WORK ORDER:
Return the data below exactly as given, except for the images.

AVAILABLE DATA:
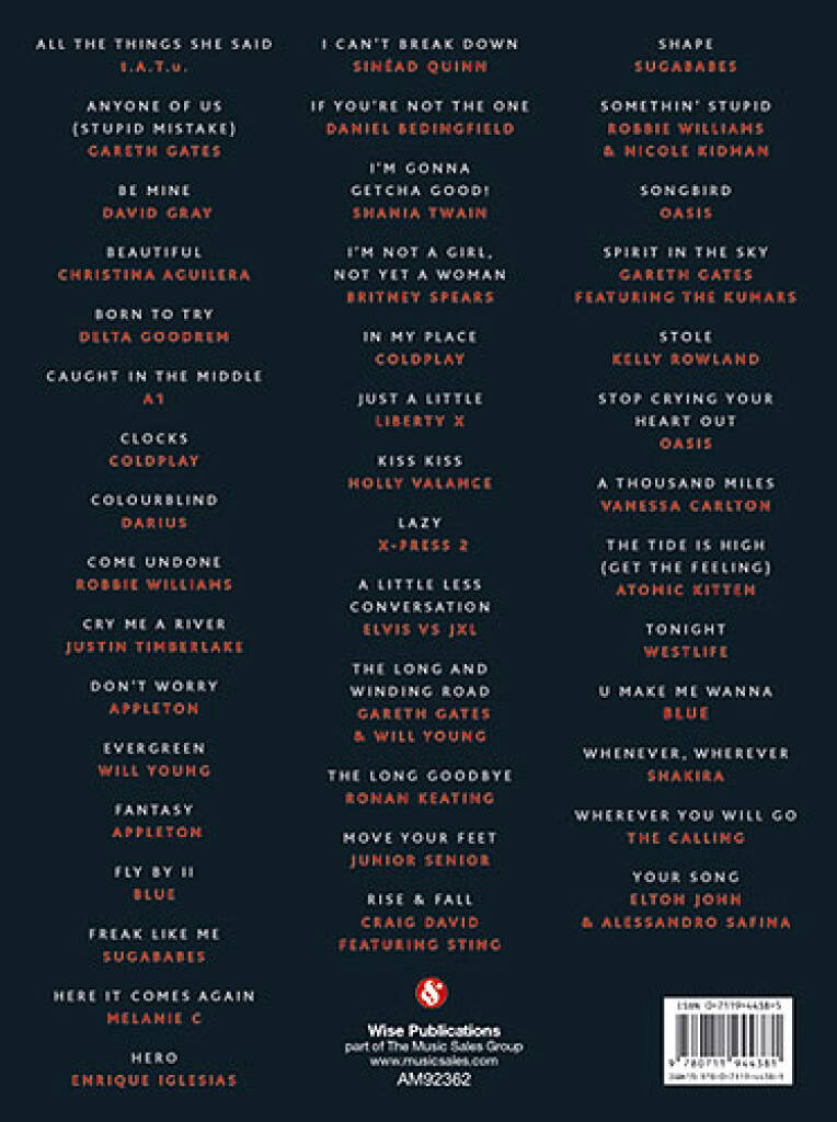 This incredible compilation includes more than 40 phenomenal pop favourites such as Christina Aguilera’s Beautiful and Justin Timberlake’s Cry Me A River. All of the smash hit songs featured are arranged for Piano, Voice and Guitar with chord boxes.
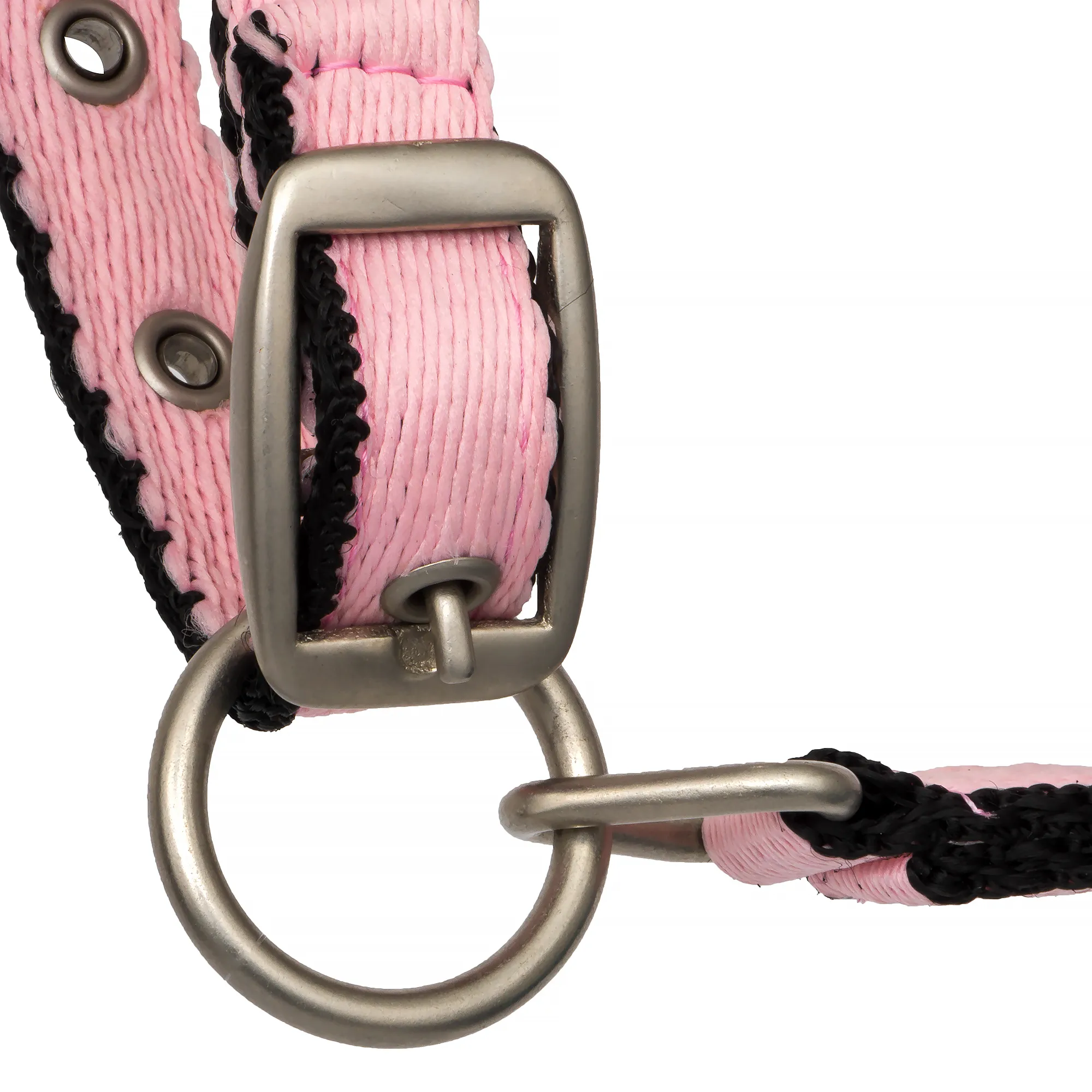 Lekki kantar dla źrebaków wykonany z wytrzymałej taśmy nylonowej. Regulacja w kilku punktach umożliwia dokładne dopasowanie do rosnącej głowy młodego konia. Prosta, bezpieczna konstrukcja oraz solidne metalowe okucia sprawiają, że kantar doskonale sprawdza się podczas nauki prowadzenia i codziennej obsługi.
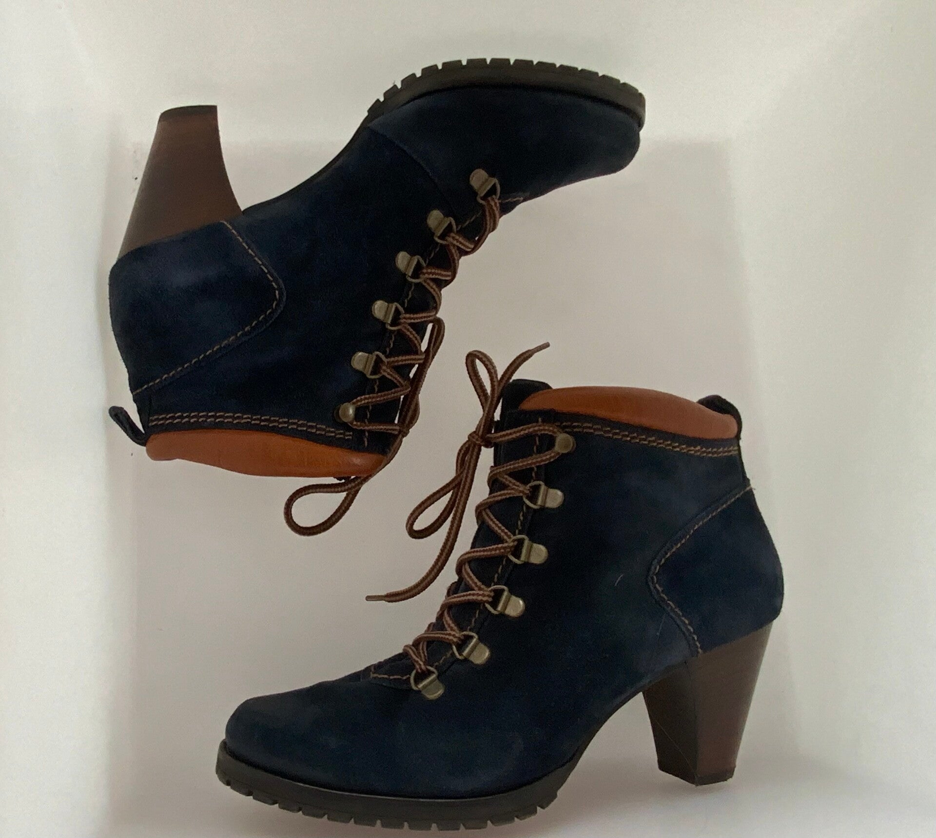 82 W) Paul Green 7 (40,5) blauw en bruine botines pumps

EXERCISE OUTPUT:
 This incredible compilation includes more than 40 phenomenal pop favourites such as Christina Aguilera’s Beautiful and Justin Timberlake’s Cry Me A River. All of the smash hit songs featured are arranged for Piano, Voice and Guitar with chord boxes.
 Lekki kantar dla źrebaków wykonany z wytrzymałej taśmy nylonowej. Regulacja w kilku punktach umożliwia dokładne dopasowanie do rosnącej głowy młodego konia. Prosta, bezpieczna konstrukcja oraz solidne metalowe okucia sprawiają, że kantar doskonale sprawdza się podczas nauki prowadzenia i codziennej obsługi.
 82 W) Paul Green 7 (40,5) blauw en bruine botines pumps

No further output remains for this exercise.